In August 2022, the Company entered into the Sixth Amendment to the Senior Credit Agreement with Oaktree (the "Sixth Amendment"). The Sixth Amendment released the $7.5 million of Segregated Funds to the Company and required the Company to prepay an additional $6.9 million of the Senior Credit Agreement. The Company was also required to pay (i) accrued and unpaid interest and (ii) a 5.0% fee, allocated as a 2.0% Exit Fee and a 3.0% Prepayment Fee (each as defined in the Senior Credit Agreement), on the principal amount being repaid.

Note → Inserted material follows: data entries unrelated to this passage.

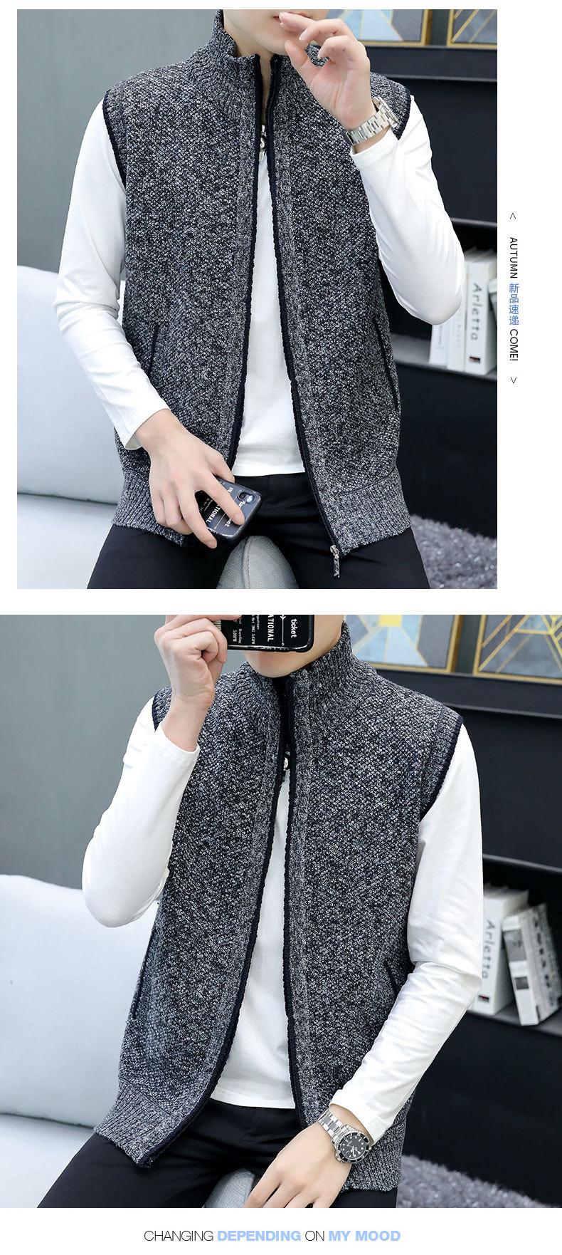 Внешняя торговля вязаный свитер жилет мужской воротник без рукавов свитер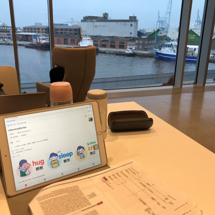 (图为在当地图书馆(DOKK1)学习)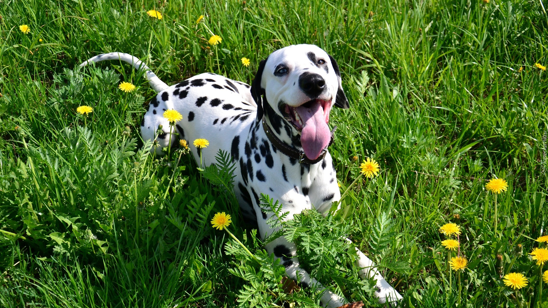 Edytor tapety: Pies, Dalmatyńczyk, Język, Trawa, Mniszek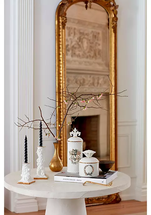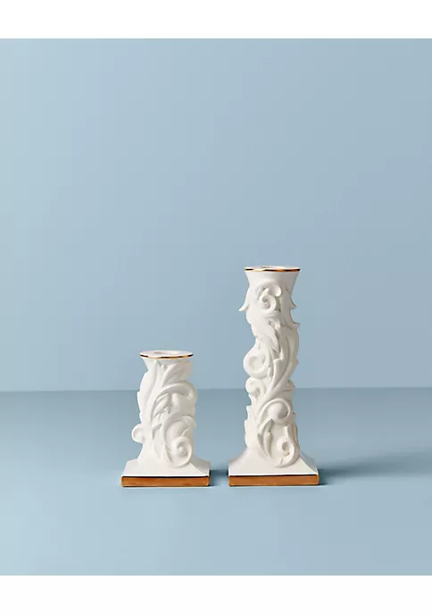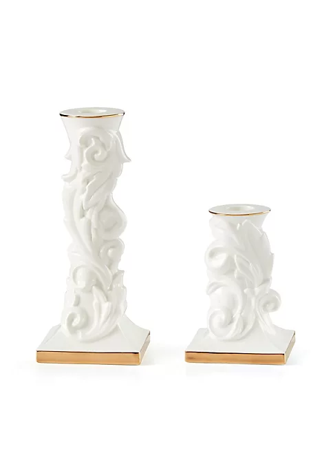Luxe in glossy white porcelain, this 2-piece candlestick set is a designed as a modern retelling of our past that also serves an elegant refresh to your home. Rich in sumptuous curves, ornate carvings and golden accents, these filigree candlesticks make gorgeous statement pieces for your mantel.

In early March 2023, the Company received notices of certain alleged defaults and reservations of rights from Oaktree. The alleged defaults relate to (i) the Company exceeding the $10.0 million threshold for incurring additional indebtedness by having accounts payable owed to counterparties overdue by more than 90 days, (ii) the Company’s obligation to provide notice to Oaktree related to the foregoing, and (iii) the Company’s obligation to provide notice to Oaktree regarding the recent reverse stock split. Upon the occurrence of an Event of Default, Oaktree has the right to accelerate all amounts outstanding under the Senior Credit Agreement, in addition to other remedies available to it as a secured creditor of ours. If Oaktree accelerates the maturity of the indebtedness under the Senior Credit Agreement, the Company does not have sufficient capital available to pay the amounts due on a timely basis, if at all, and there is no guarantee that the Company would be able to repay, refinance or restructure the payments due under the Senior Credit Agreement. The Company responded to Oaktree, which included grounds upon which the Company disputes each of the alleged defaults. The Company has not reached a mutual agreement with Oaktree on this matter, and given the Company is in receipt of the notices of default and reservation of rights, which could result in payment to Oaktree on demand, the amounts due and outstanding to Oaktree are presented as a current obligation of the Company.

As of December 31, 2022 and 2021, the Company's outstanding principal on the Senior Credit Agreement with Oaktree amounted to $44.7 million, and $150.0 million, respectively. Refer to Note 12 - Debt and Lease Obligations for additional information.

Reverse Stock Split

On February 15, 2023, the Company effected a 20:1 reverse stock split of its common stock in order to regain compliance with Nasdaq's continued listing requirements. All share and per share amounts, and exercise prices of stock options, warrants, and pre-funded warrants, if applicable, in the consolidated financial statements and notes thereto have been retroactively adjusted for all periods presented to give effect to this reverse stock split. Refer to Note 21 - Subsequent Events for additional information.